President Bush had hoped that Americans would spend the 'economic stimulus' checks to invigorate the economy
FOR those Americans squeezed mercilessly by the recession, economic life is tough and becoming tougher.
Although the "economic stimulus" checks that citizens are receiving from the federal government are helpful, few are spending the money on nonessentials as President Bush had hoped they would to invigorate the economy. Instead, the windfall is going for necessities: food, gasoline, the mortgage or rent, and to pay down debt in an attempt to ward off even deeper financial disaster.
This is the start of the vacation season, but poring over glossy vacation brochures is less a priority, especially if the intent was to travel by car. With the cost of gasoline at $4 a gallon and food prices rising, ordinary people are struggling just to afford food and to buy fuel to go to work, assuming they have jobs.
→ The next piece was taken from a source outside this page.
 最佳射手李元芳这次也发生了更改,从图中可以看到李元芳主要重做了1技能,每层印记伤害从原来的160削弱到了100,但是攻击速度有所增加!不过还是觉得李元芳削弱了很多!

The need for basic necessities has pushed more Ohioans than ever into poverty. According to a study titled "The Real Bottom Line: The State of Poverty in Ohio 2008," 13.3 percent of 11.5 million residents live below the poverty line. Not surprisingly, the Appalachian region in southern and southeast Ohio has the highest rate of poverty at 19 percent. And sadly, Lucas County outpaces the state's other large urban counties with a 17.5 percent poverty rate.
Though these findings are based on research data up to three years old, the economy has worsened in the meantime. Now, more Ohioans are impoverished than before the "War on Poverty" began in the mid-1960s.
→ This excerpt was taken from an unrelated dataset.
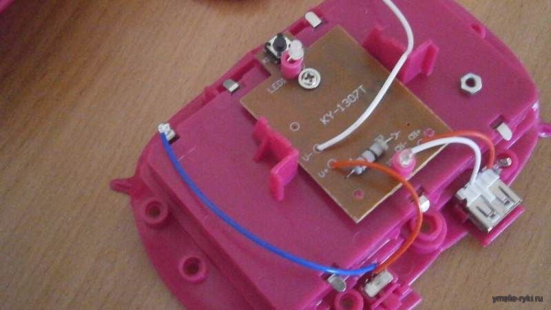 Заряжать можно прямо от компа, что очень таки удобно. На зарядке горит красный индикатор и при полном восстановлении сил феи он тухнет.

And that is not because people are not working. Roberta Garber, executive director of Community Research Partners, who did the study for the Ohio Association of Community Action Agencies, said, "Somebody can be in a job making $10 an hour and if they work full time, they will still be below the poverty line."
That's why more Ohioans - and other Americans - have signed up for food stamps. The Buckeye state has 1.1 million food stamp recipients, almost twice as many as in 2001. In Michigan, 1.25 million residents get food stamps. That's more than twice as many as in 2000.
Is reckless living to blame? There may be some of that, but it's hardly the main reason. In this region, the auto industry continues to slash jobs, and that has contributed to a lagging economy. Add that to the rising cost of living, fueled by high gas prices, and no wonder citizens have been forced to ask for help.
So, sorry, Mr. President. The economic climate - created by your policies over the last eight years - isn't encouraging Americans to flock to retailers to buy big-screen TVs or fancy barbecue grills.
A check for $1,200 is nice, but food, fuel, and other essentials have to come first.